Vermont Yankee, refueling, and solving the problem of intermittent energy sources
Vermont Yankee stays online
On July 25, Entergy announced that it is ordering fuel for the Vermont Yankee nuclear power plant and will conduct the refueling in October. The state of Vermont has passed laws that supposedly give it the right to refuse to let Vermont Yankee operate past March 2012. Entergy's decision to buy $60-million worth of fuel to be loaded in October was, therefore, no slam-dunk decision.
This saga has a long history. Entergy has sued Vermont, and part of its lawsuit was a request for an injunction against the state being allowed to shut down the plant while the suit was ongoing.
The story then got complicated. Judge J. Garvan Murtha of the federal court in Brattleboro, Vt., denied the injunction. In his ruling, Murtha said that "Entergy has failed to show that any irreparable harm it may incur between now and a decision on the merits would be, or is likely to be, ameliorated by a preliminary injunction in the short time before this court decides Entergy's claims." He also moved up the date of the full hearing to September 12.
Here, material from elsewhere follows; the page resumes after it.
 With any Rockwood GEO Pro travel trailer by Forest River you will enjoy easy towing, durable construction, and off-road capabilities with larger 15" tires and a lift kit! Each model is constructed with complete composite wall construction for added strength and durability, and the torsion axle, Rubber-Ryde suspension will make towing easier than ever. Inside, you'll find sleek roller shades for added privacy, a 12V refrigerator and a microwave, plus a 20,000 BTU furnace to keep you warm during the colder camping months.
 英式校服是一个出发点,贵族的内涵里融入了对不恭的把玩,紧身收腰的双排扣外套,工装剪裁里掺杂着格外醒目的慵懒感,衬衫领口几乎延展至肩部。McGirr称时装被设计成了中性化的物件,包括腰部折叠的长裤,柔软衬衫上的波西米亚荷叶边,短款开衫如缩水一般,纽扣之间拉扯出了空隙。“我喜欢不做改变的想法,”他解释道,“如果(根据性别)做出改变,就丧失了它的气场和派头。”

Murtha said many things that sounded like he had acknowledged Entergy's having a good case. On the other hand, he also turned down the injunction. This gave commentators lots of room to comment! (There's never a "slow news day" around this trial.) I commented and some professors at Vermont Law School commented.
Opinions abound
Everybody had an opinion. In my post on the matter-titled "Half-Empty and Half-Full"- I tried to make the various arguments at least amusing.
But to a certain extent, it was all blather. The ball was in Entergy's court and we commentators were just talking about what we thought might influence its decision. The whole thing was like sports commentary. Would Entergy bet on a favorable outcome to the lawsuit (buy fuel)? Would it hedge its bets and not buy fuel? Opinions varied. (By the way, my own predictions were wrong. I thought that Entergy would hedge its bets and not buy fuel.)
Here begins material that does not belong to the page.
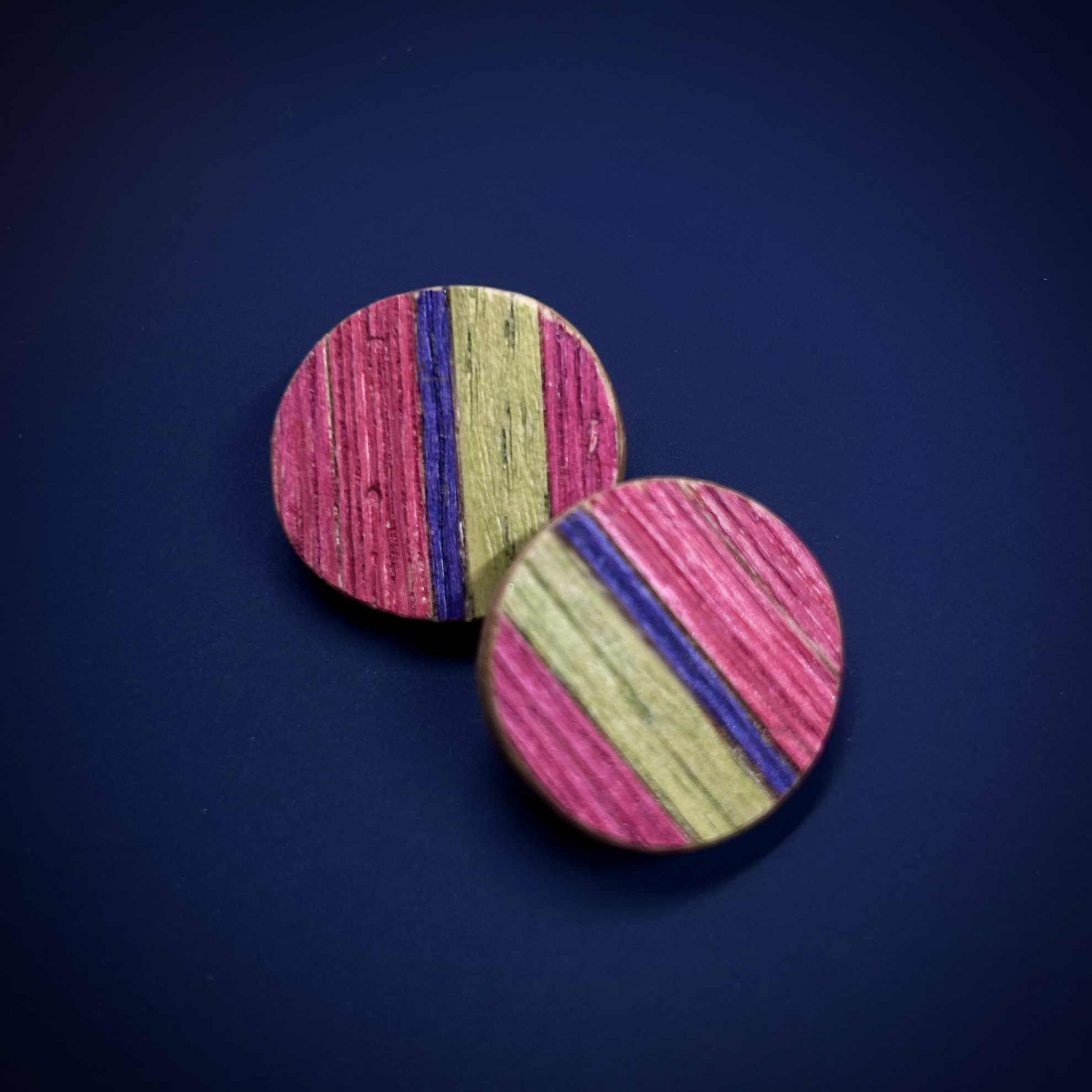 Striped - reds with green stripe. Classic, fun and bold - the oak veneer is hand-stained and assembled onto solid oak timber using traditional parquetry techniques. Each piece is a unique design and finished with Danish oil and Sterling silver studs.

Then, a few hours later, I had to explain why I was wrong. Now Entergy has made the decision to buy fuel, which means that, no matter what the court decides, Vermont Yankee will operate through March 2012. It will not be shut down at the next refueling outage, in October 2011. If the court decides in favor of Vermont Yankee, the plant will operate long past March 2012. It has a 20-year license extension from the Nuclear Regulatory Commission, and I hope it will operate until 2032.
I am very happy about this.
Looking east to Seabrook
Instead of yet-more-commentary on Entergy's lawsuit, I thought I would talk about Vermont's loss and New Hampshire's gain for a moment. Specifically, I want to talk about the Seabrook nuclear plant.
In May, Green Mountain Power, a distribution company located in Vermont, decided to buy 60 MW of power from the Seabrook nuclear plant, located in New Hampshire. Vermont's governor, Peter Shumlin, a fierce foe of Vermont Yankee, applauded this decision because, as he said, "cheap power makes a real difference" in creating jobs.
I wish that Shumlin felt that way about the inexpensive power from Vermont Yankee.
Meanwhile, back in the days when people were campaigning against Vermont Yankee by walking in midwinter to Montpelier (Vermont's capital) to call for a shutdown of the plant, I met many of the walkers at a potluck dinner.
One of the walkers worked at SustainX, a company developing advanced energy storage using compressed air. Without energy storage, intermittent renewables are not useful on the grid.
I admired the walker from SustainX because he was not just waving his hands about what a great future renewables would have. He was actually doing something-working on energy storage. He was trying to address one of renewable's major problems. But I wonder now if he is moving to the town of Seabrook, N.H.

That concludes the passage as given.